Wenn ich damals gewusst hätte, dass ein alter Hund nicht nur einen alten Mann, sondern ein ganzes Dorf verändern würde, ich hätte mein Versprechen an Ernst schon viel früher gebrochen.
Doch die Geschichte von Buddy und mir endete nicht auf der Bank am See. Eigentlich begann sie erst dort.
Der erste Winter mit Buddy zog sich lang.
Schnee blieb selten liegen in unserem Ort, aber die Kälte kroch trotzdem unter die Türen. Ich kaufte einen kleinen Teppich für den Flur, hauptsächlich, damit Buddy nicht auf den kalten Fliesen ausrutschte.
Mein Leben richtete sich plötzlich nach seinen Schritten: Aufstehen, wenn er leise fiepte; rausgehen, wenn er unruhig zum Balkon lief; früher ins Bett, weil er abends seinen festen Platz am Fußende suchte.
Eines Morgens blieb er beim Aufstehen einfach stehen und sackte halb wieder zurück auf die Decke.
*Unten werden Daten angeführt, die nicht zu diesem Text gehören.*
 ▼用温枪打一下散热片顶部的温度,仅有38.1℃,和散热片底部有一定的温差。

Panik schoss mir durch den Körper. Ich kniete mich zu ihm, legte ihm die Hand auf die Brust. Sein Herz schlug noch ruhig, aber er atmete schwer.
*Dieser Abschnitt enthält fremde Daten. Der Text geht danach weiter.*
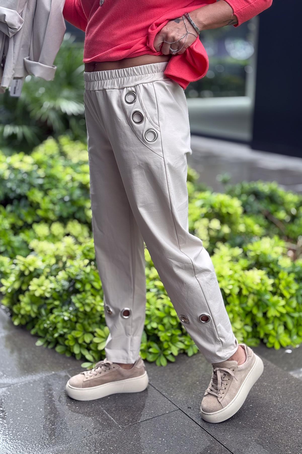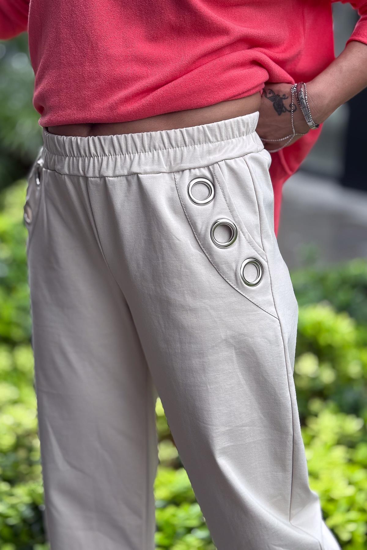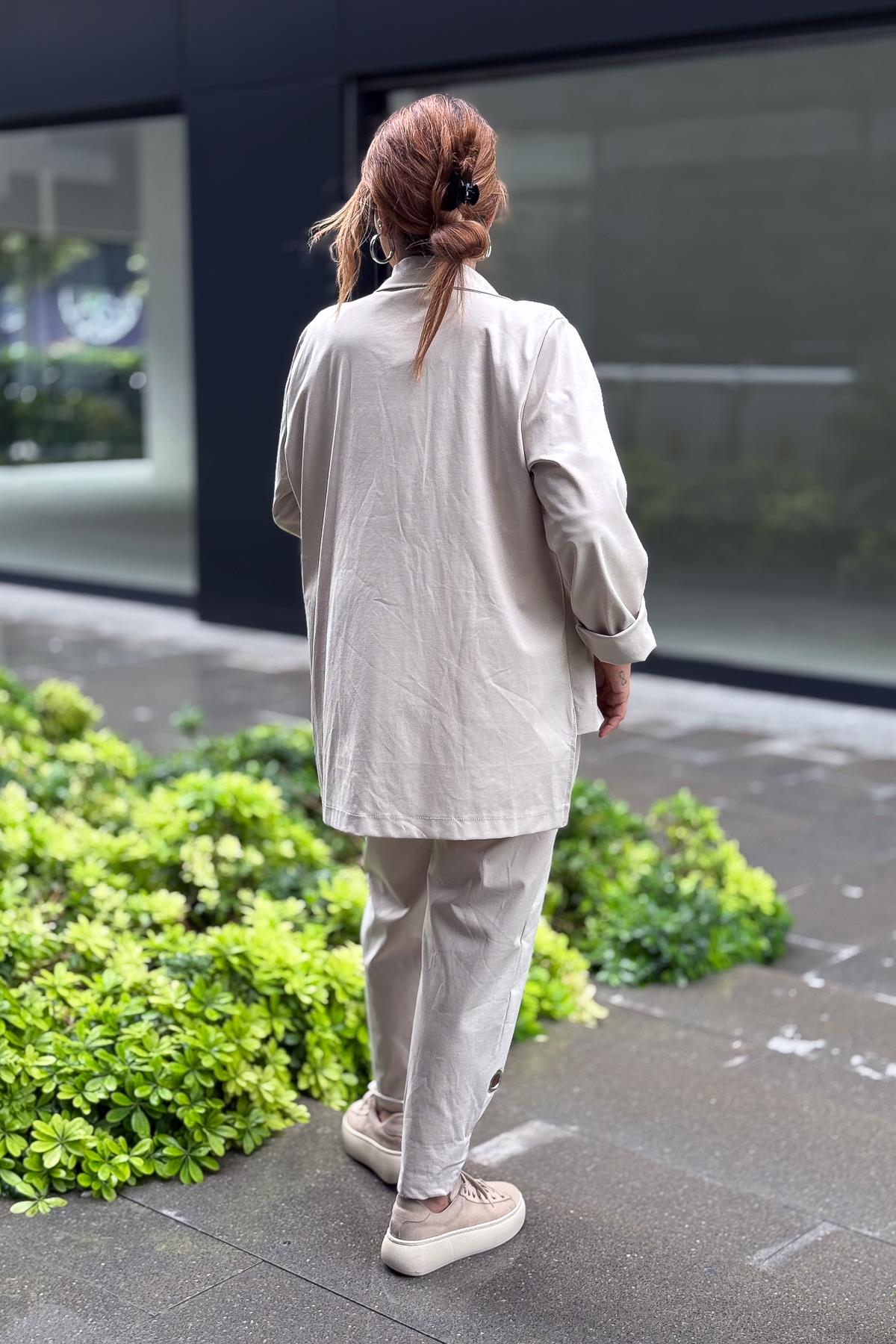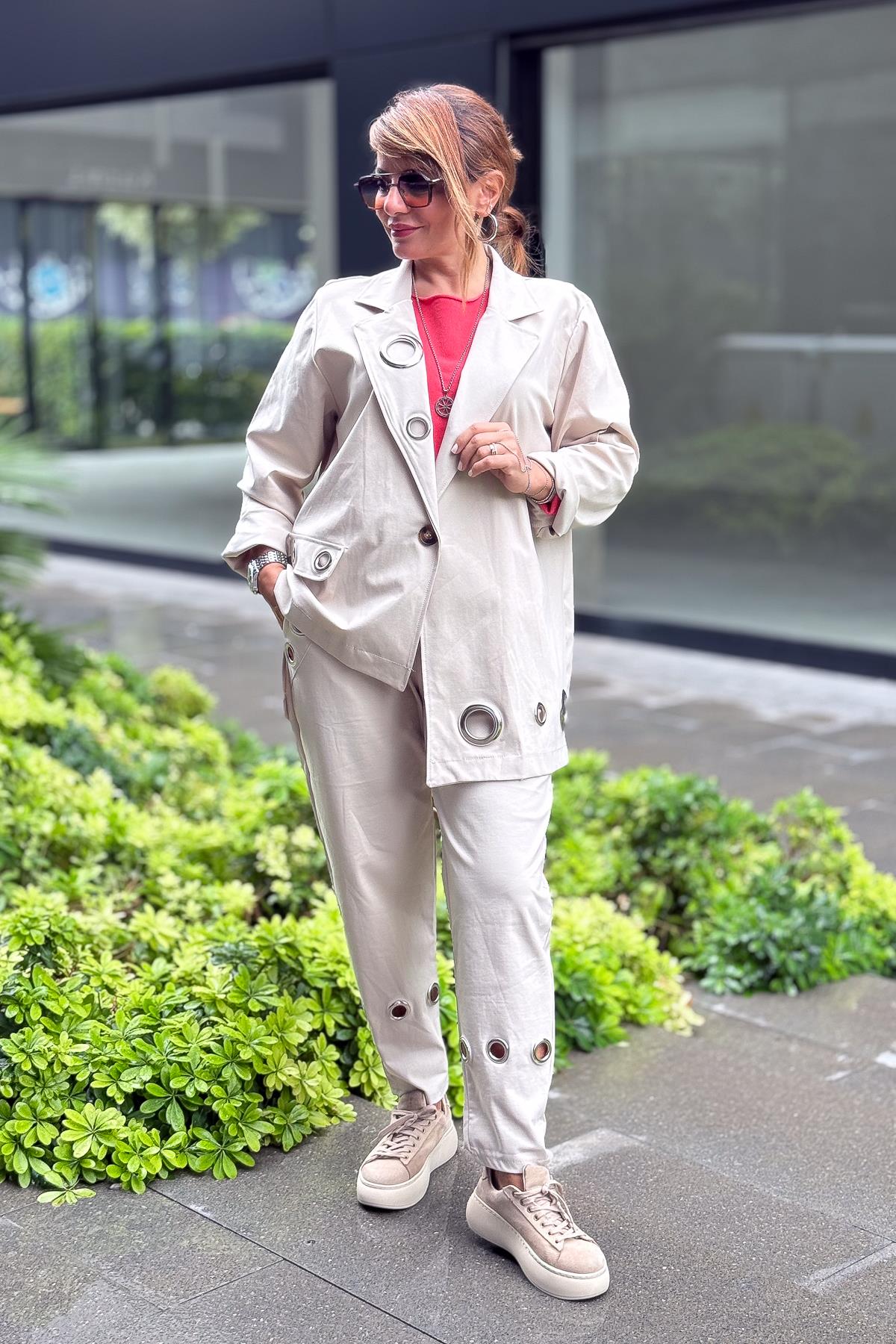 Halka Detaylı Asimetrik Kesim Ceketli Takım Bej Renk

„Komm, alter Junge“, murmelte ich. „Wir zwei sind noch nicht fertig.“
Ich rief die Tierärztin im Nachbarort, Frau Doktor Wieland. Eine ruhige Frau mittleren Alters mit sanfter Stimme und festen Händen. Sie kannte Ernst gut und Buddy natürlich auch.
In der Praxis roch es nach Desinfektionsmittel und etwas Süßlichem. Buddy ließ alles geduldig über sich ergehen: Abhören, Abtasten, Spritze.
Die Ärztin zog schließlich die Stirn kraus.
„Er ist sehr alt, Herr…?“
„Müller. Hans Müller“, sagte ich. „Und ich weiß, dass er alt ist. Ich bin es auch.“
Sie lächelte kurz, dann wurde ihr Gesicht wieder ernst.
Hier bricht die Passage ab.